Relational databases are characterised by storage schemas involving multiple interlinked tables containing rows and columns, this layout is designed to minimise the repetition of data and to provide maximum query-ability. Key-value stores only store a key and a value in the manner of a dictionary but the “value” may be of a complex type. A value can be returned very fast given a key – this is the core strength of the key-value stores. The document stores MongoDB and CouchDB store JSON “documents” rather than rows. These documents can store information in nested hierarchies which don’t necessarily need to all have the same structure this allows maximum flexibility in the type of data to be stored but at the cost of ease of query.

HBase fits into the Hadoop ecosystem, the language used to describe it looks superficially like that used to describe tables in a relational database but this is a bit misleading. HBase is designed to work with massive quantities of data but not necessarily give the full querying flexibility of SQL. Neo4J is designed to store graph data – collections of nodes and edges and comes with a query language particularly suited to querying (or walking) data so arranged. This seems very similar to triplestores and the SPARQL – used in semantic web technologies.

Relational databases are designed to give you ACID (Atomicity, Consistency, Isolation, Durability), essentially you shouldn’t be able to introduce inconsistent changes to the database and it should always give you the same answer to the same query.
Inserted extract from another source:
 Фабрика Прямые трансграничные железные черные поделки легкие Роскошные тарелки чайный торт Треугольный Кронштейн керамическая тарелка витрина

The NoSQL databases described here have a subtly different core goal. Most of them are designed to work on the web and address CAP (Consistency, Availability, Partition), indeed several of them offer native REST interfaces over HTTP which means they are very straightforward to integrate into web applications. CAP refers to the ability to return a consistent answer, from any instance of the database, in the face of network (or partition) problems. This assumes that these databases may be stored in multiple locations on the web. A famous theorem contends that you can have any two of Consistency, Availability and Partition resistance at any one time but not all three together.
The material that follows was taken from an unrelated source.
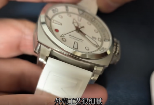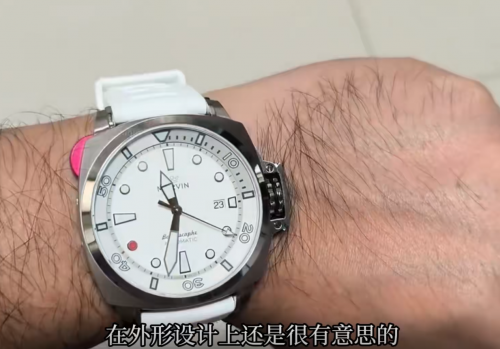 摩纹表还有两个独特之处,就是在每款表上的表壳上都印有摩纹家族印记,在表盘8点钟刻度或时标涂成红色。刻家族印记这点还好理解,为什么把8点位置涂红,这至今也是个未解之谜。潜水表搭配氟橡胶表带很符合目前的主流,表带上固定圈位置做了小卡子,固定圈就不会乱窜了。这个小细节做的很用心。表扣做的很厚重,而且也做了拉丝和抛光的双重工艺处理。43mm的尺寸,搭配MAR620A.H机芯,整套算下来5000多,性价比还是不错的。

NoSQL databases are variously designed to scale horizontally and vertically. Horizontal scaling means replicating the same database in multiple places to provide greater capacity to serve requests even with network connectivity problems. Vertically scaling by “sharding” provides the ability to store more data by fragmenting the data such that some items are stored on one server and some on another.
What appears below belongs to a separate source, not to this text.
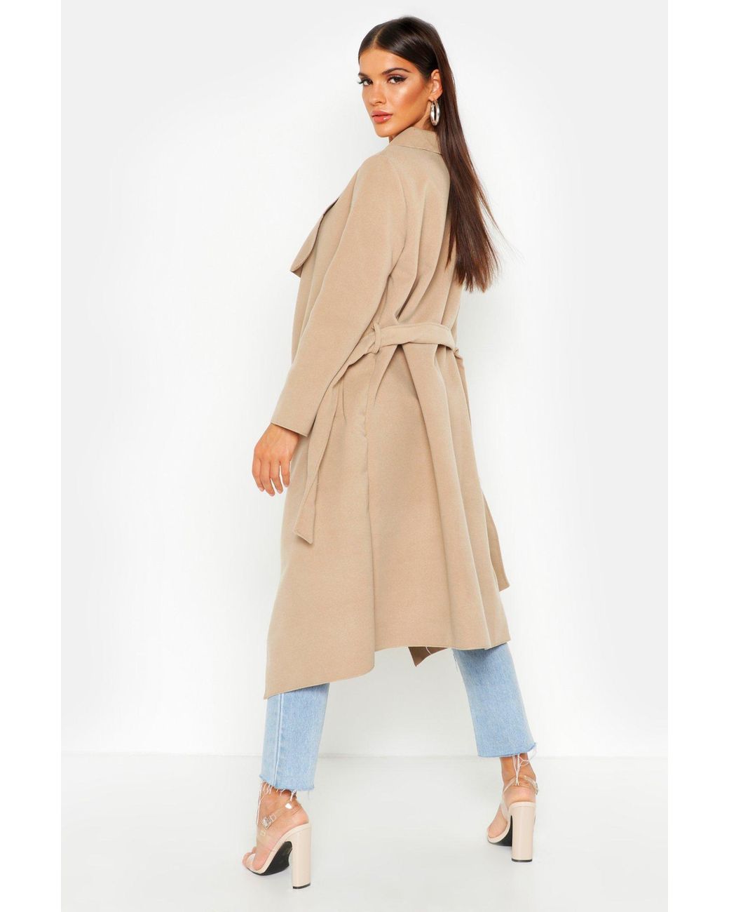 Long waterfall coat clearance, Boohoo Belted Waterfall Coat in Black clearance

I’m not a SQL expert by any means but it’s telling that I learnt a huge amount about PostgreSQL in the forty or so pages on the database. I think this is because the focus was not on the SQL query language but rather on the infrastructure that PostgreSQL provides. For example, it discusses triggers, rules, plugins and specialised indexing for text search. I assume this style of coverage applies to the other databases. This book is not about the nitty-gritty of querying particular database types but rather about the different database systems.

The NoSQL databases generally support MapReduce style queries this is a scheme most closely associated with Big Data and the Hadoop ecosystem but in this instance it is more a framework for doing queries which maybe executed across a cluster of computers.

I’m on a bit of a graph theory binge at the moment so Neo4J was the most interesting to me.

As an older data scientist I have a certain fondness for things that have been around for a while, like FORTRAN and SQL databases, I’ve looked with some disdain at these newfangled NoSQL things. To a degree this book has converted me, at least to the point where I look at ScraperWiki projects and think – “It might be better to use a * database for this piece of work”.

This is an excellent book which was pitched at just the right level for my purposes, I’ll be looking for more Pragmatic Programmers books in future.